Many internal combustion engines, such as engines operating on the four-stroke principle, have intake and exhaust valves provided in the cylinder head of the engine. The intake valves open and close to selectively communicate the air intake passages of the engine with the combustion chambers of the engine. The exhaust valves open and close to selectively communicate the exhaust passages of the engine with the combustion chambers of the engine.
To open the valves, many engines are provided with one or more camshafts having one or more cams provided thereon. The rotation of the camshaft(s) causes the cam(s) to move the valves to an opened position. Metallic coil springs are usually provided to bias the valves toward a closed position.
Although metallic coil springs effectively bias the valves toward their closed positions for most engine operating conditions, at high engine speeds, the metallic coil springs have a tendency to resonate. When resonating, the metallic coil springs cause the valves to vacillate between their opened and closed positions, which, as would be understood, causes the intake and exhaust passages inside which the valves are connected to be opened when they should be closed. This results in a reduction of operating efficiency of the engine at high engine speeds.
One solution to this problem consists in replacing the metallic coil springs with air springs. An air spring typically consists of a cylinder having a piston therein. An air chamber is defined between the cylinder and the piston. The valve (intake or exhaust) is connected to the piston of the air spring using a cotter. A spacer, in the form of a shim, is disposed between the valve and the cam to ensure that the valve seats properly in the closed position and opens properly in the open position. When the cam moves the valve to its open position, the piston of the air spring moves with the valve, thus reducing the volume of the air chamber and as a result increasing the air pressure therein. When the cam no longer pushes down on the valve, the air pressure inside the air chamber causes the piston of the air spring to return to its initial position and to return the valve to its closed position.
Air springs do not resonate at high engine speeds the way metallic coil springs do. Also, for equivalent spring forces, air springs are lighter than metallic coil springs. Furthermore, air springs have progressive spring rates, which means that the spring force of an air spring varies non-linearly depending on the position of the piston inside the cylinder of the air spring, which may also be advantageous for certain engines.

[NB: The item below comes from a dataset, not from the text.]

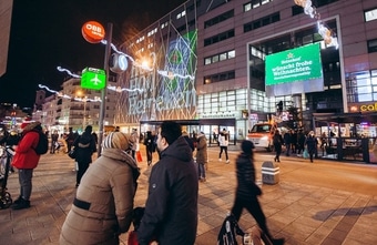 350 Quadratmeter Fassadenprojektion und 26 Quadratmeter LED-Wallscreen werden täglich von 120.000 Menschen gesehen.

Although air springs offer many advantages over metallic coil springs, they also have some deficiencies that need to be addressed.
One of these deficiencies is that air can leak out of the air springs when the engine is not in use. When the air pressure inside the air springs becomes too low, this causes the valves to move to their opened positions. When this occurs and the engine is started, the pistons of the engine can come into contact with the valves. Even if the engine is not in use, the piston may still come into contact with the valves, for example if the crankshaft is caused to rotate as a result of towing or otherwise transporting the vehicle. The impact of the piston on the valve can potentially damage the valve, for example by dislodging the shim or the cotter from their intended positions. As a result, the operation of the valve is impaired, possibly preventing operation of the engine.

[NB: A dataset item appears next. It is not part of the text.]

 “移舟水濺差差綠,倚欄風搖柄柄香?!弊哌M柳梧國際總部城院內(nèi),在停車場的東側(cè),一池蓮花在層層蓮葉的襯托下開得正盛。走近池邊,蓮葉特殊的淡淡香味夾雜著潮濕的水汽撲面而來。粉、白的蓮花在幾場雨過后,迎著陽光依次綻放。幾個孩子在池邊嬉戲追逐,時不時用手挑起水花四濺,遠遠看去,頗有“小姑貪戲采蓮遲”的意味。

One possible solution consists in providing metallic coil springs having a relatively low spring constant in addition to the air springs. The metallic coil springs are strong enough to bias the valves towards their closed position even when the air pressure inside the air springs is no longer sufficient to do so on its own. However, these metallic coil springs do not provide enough biasing force to return the valves to their closed position fast enough while the engine is in operation. Although the addition of these metallic coil springs will prevent the pistons of the engine from coming into contact with the valves when the engine is started, they add weight and complexity to the air spring system. The additional metallic coil springs can also lead to some resonance as the speed of the engine increases.
Therefore, there is a need for an air spring assembly having a construction that maintains a secure connection between the various components thereof.